Von Neumann went on to advise the highest levels of government, especially on defense. In many ways, he helped shape the Cold War—a conflict that brought the world to the brink of destruction, yet had no casualties. If I had met him, and we disagreed, I would assume that he knew more, concidered more, analyzed it better than me. It would be clear to me that I only saw part of teh picture. Would you have had the nerve to ignore his advice if you didn’t understand it?

In many ways, we already put a surprising amount of trust in AI without thinking twice. It suggests the next word when we’re typing, sorts our emails, edits our photos, determines our creditworthiness, sets insurance premiums, steers our cars, diagnoses medical conditions, filters job applications, and more. And most of the time, we don’t question it.

For now.

I think we trust it because each time we stop and examine the recommendation, it makes sense to us, so we go with it.

That won’t last. Not for long at all at the current pace.


The Move 37 Moment

In 2016, the world watched as an AI named AlphaGo made history by beating a top human Go player.
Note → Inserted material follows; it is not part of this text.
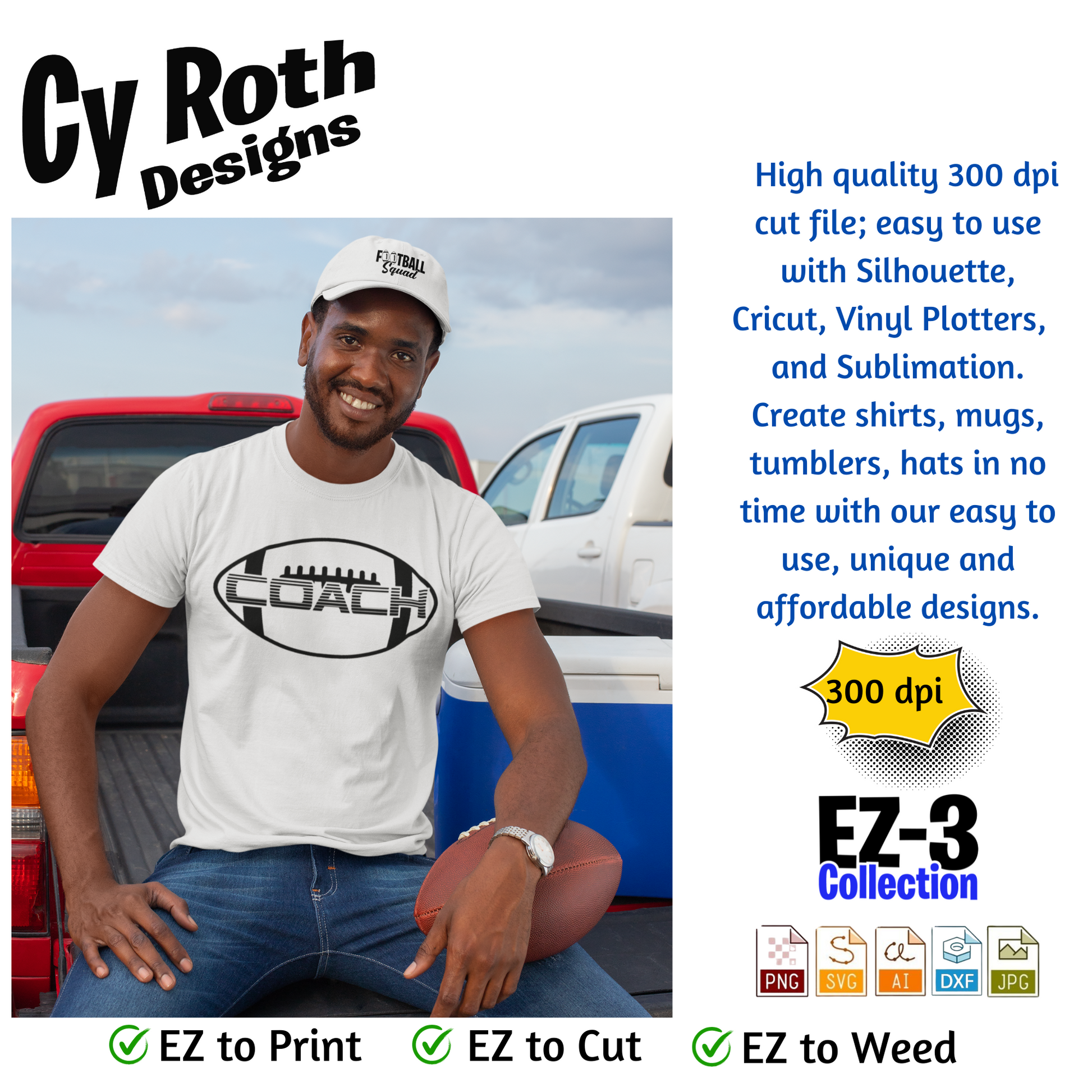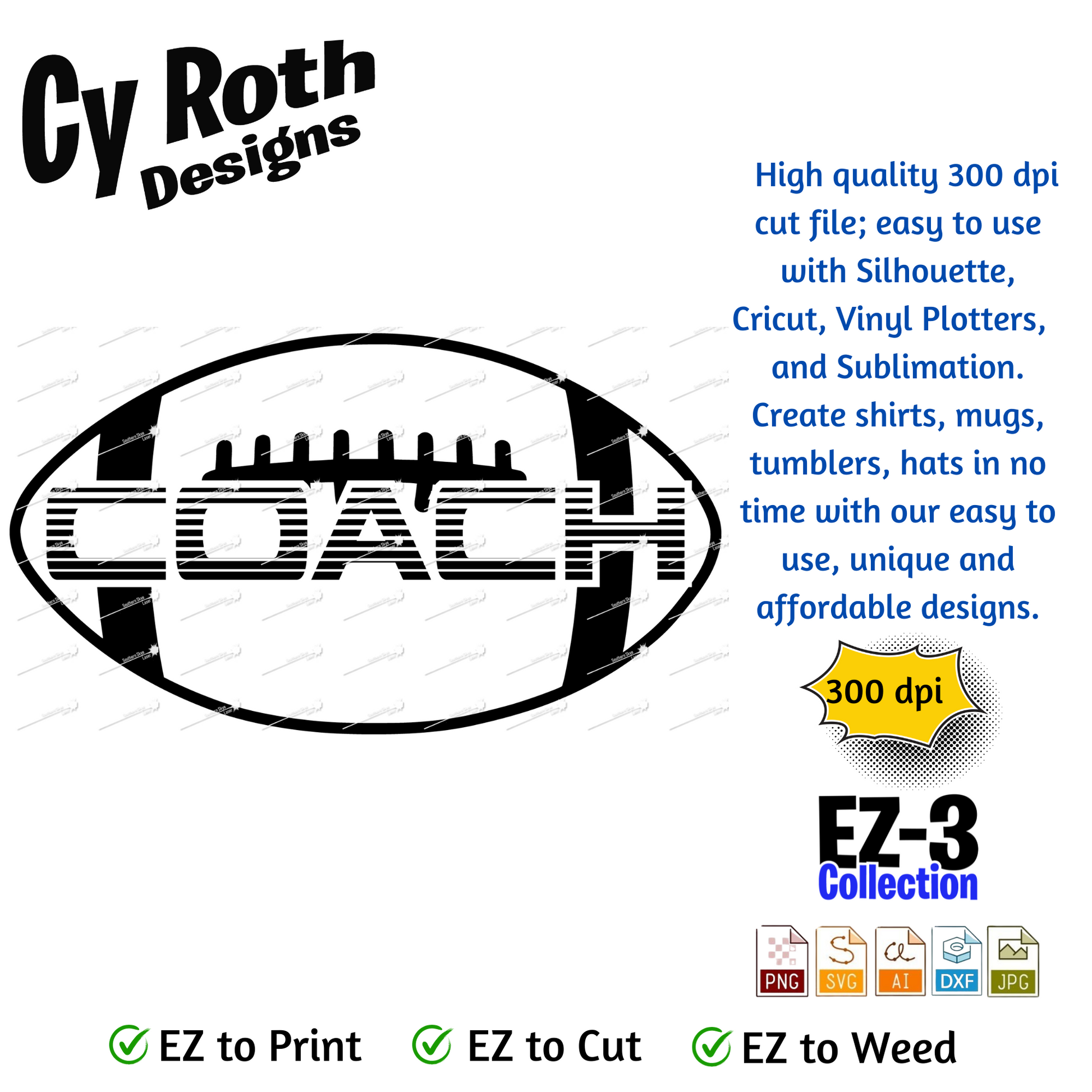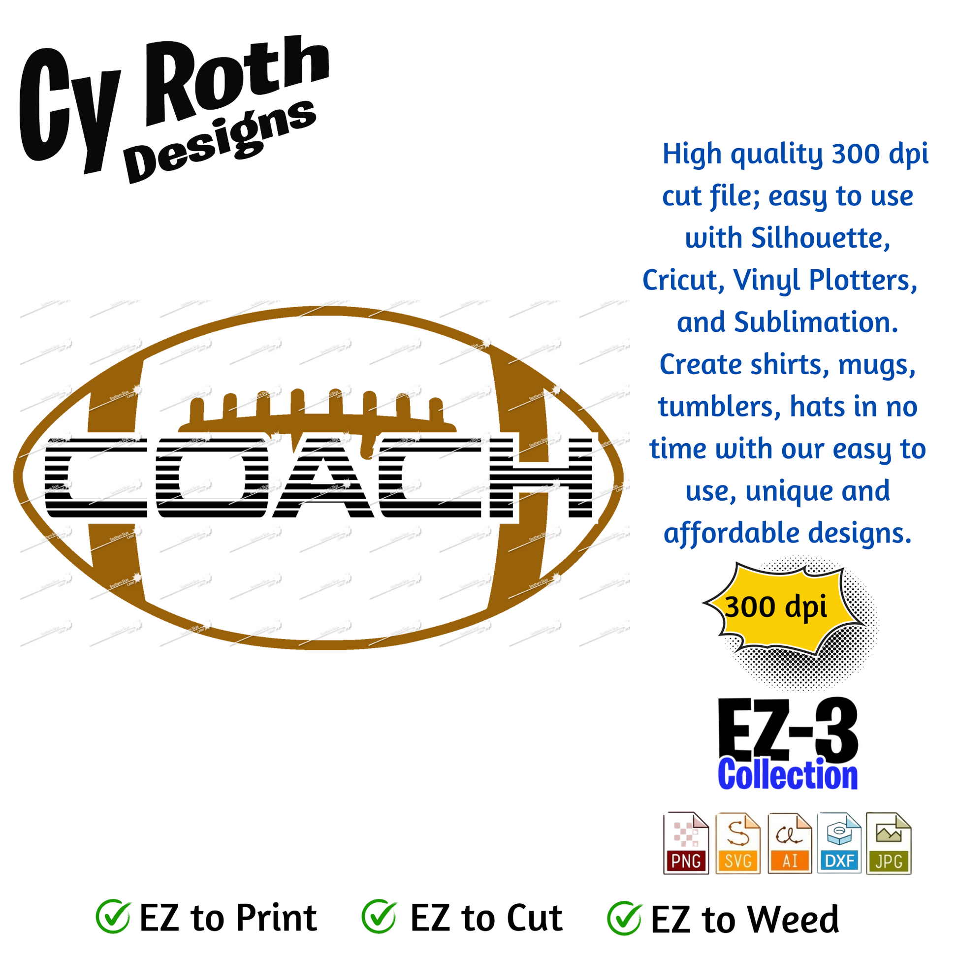 Football svg png jpg ai dxf file, for Silhouette, Cricut, Vinyl Plotters, Laser, CNC and Sublimation. Great for DTF and DTG. Football coach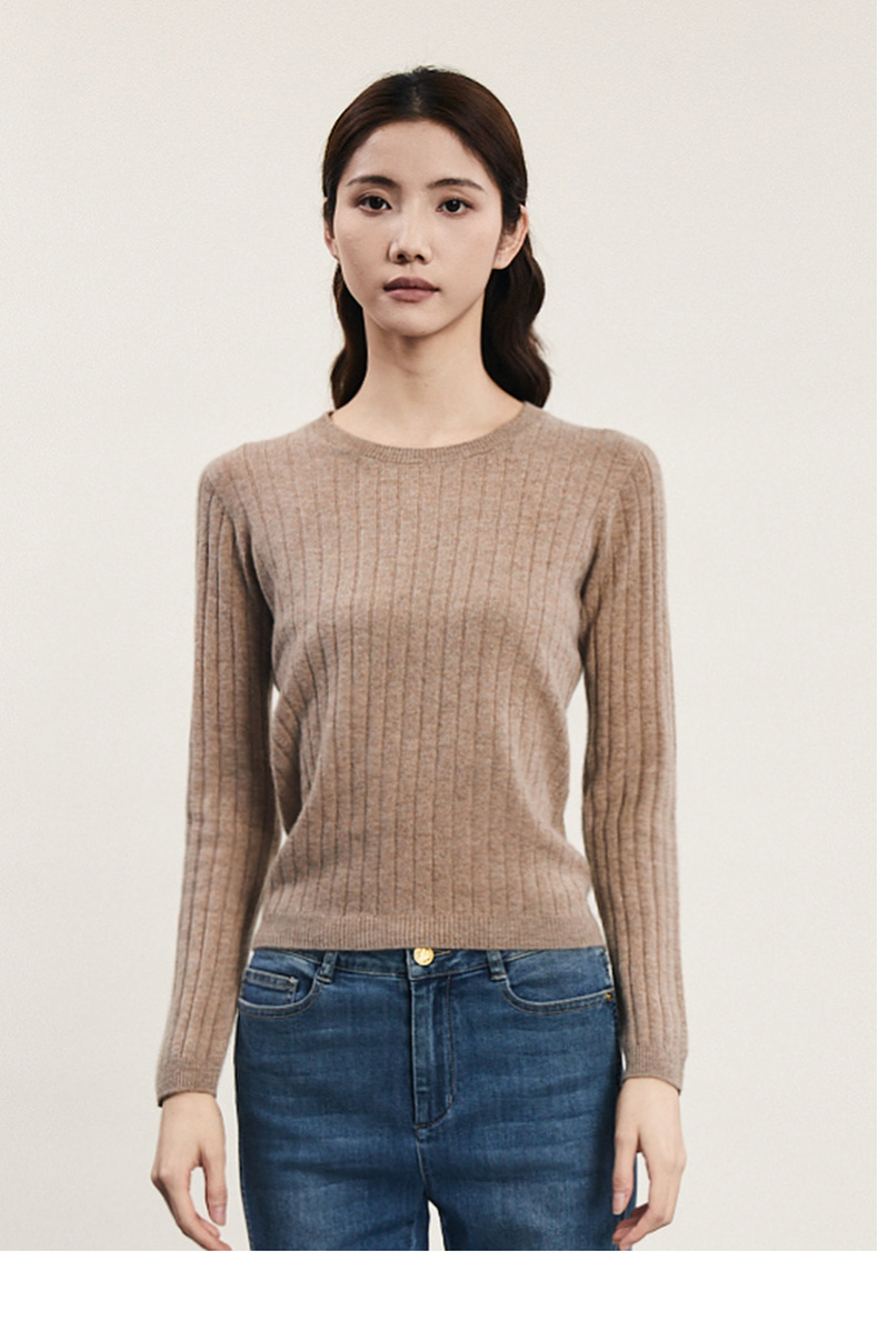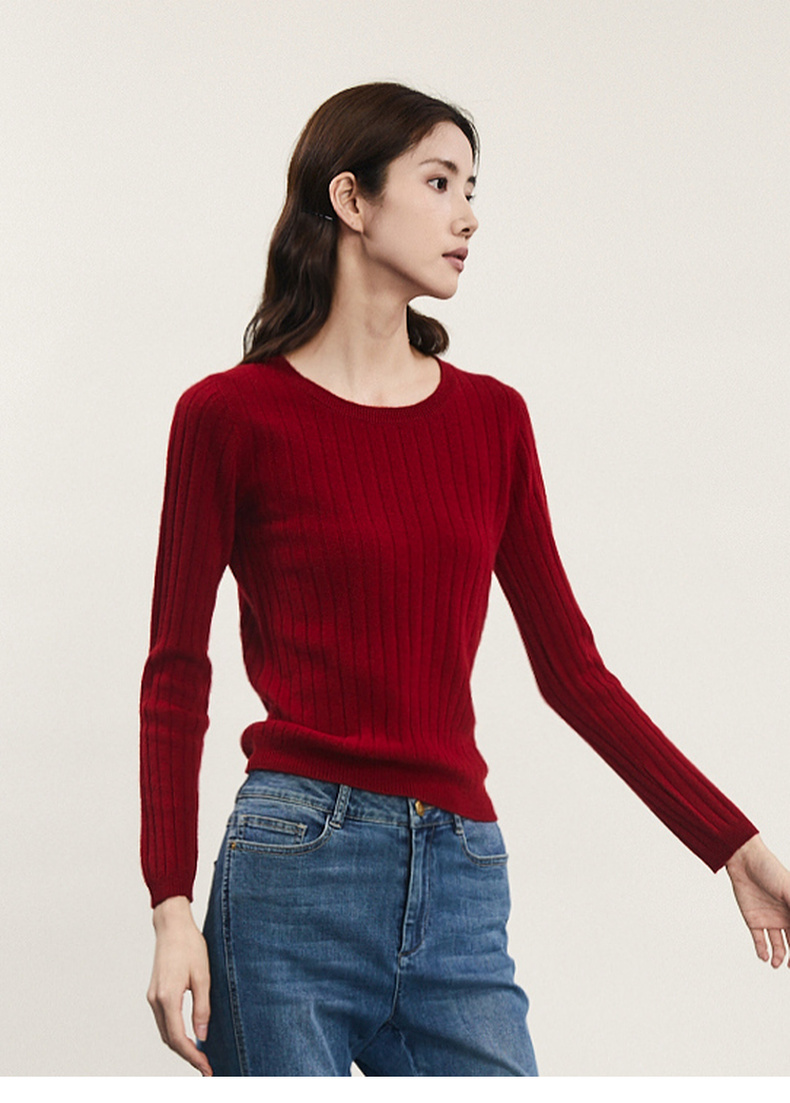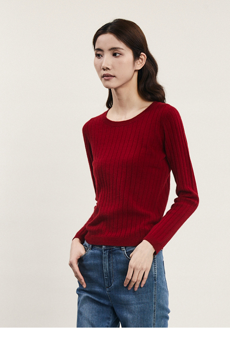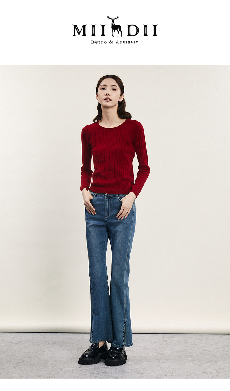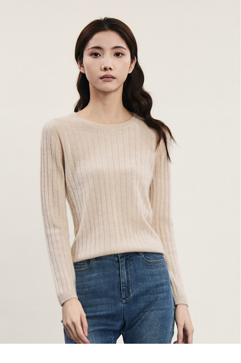 谜底圆领套头针织衫女2023冬款亲肤纯色打底山羊绒毛衫239MZ7501

But what really stood out was “Move 37”—a move so unexpected that even experts thought it was a mistake. It didn’t follow traditional strategies, and no human would have played it. But as the game unfolded, it became clear that the move was not just good—it was game-changing.

It was a reminder that AI doesn’t think like us. It doesn’t have to. It can find solutions we’d never consider, ones that seem wrong in the moment but turn out to be brilliant.

That moment wasn’t just about Go. It was a glimpse into a future where AI doesn’t just copy what we do—it surprises us, challenges us, and makes choices we never saw coming. It recommends moves that we can’t help but see as mistakes.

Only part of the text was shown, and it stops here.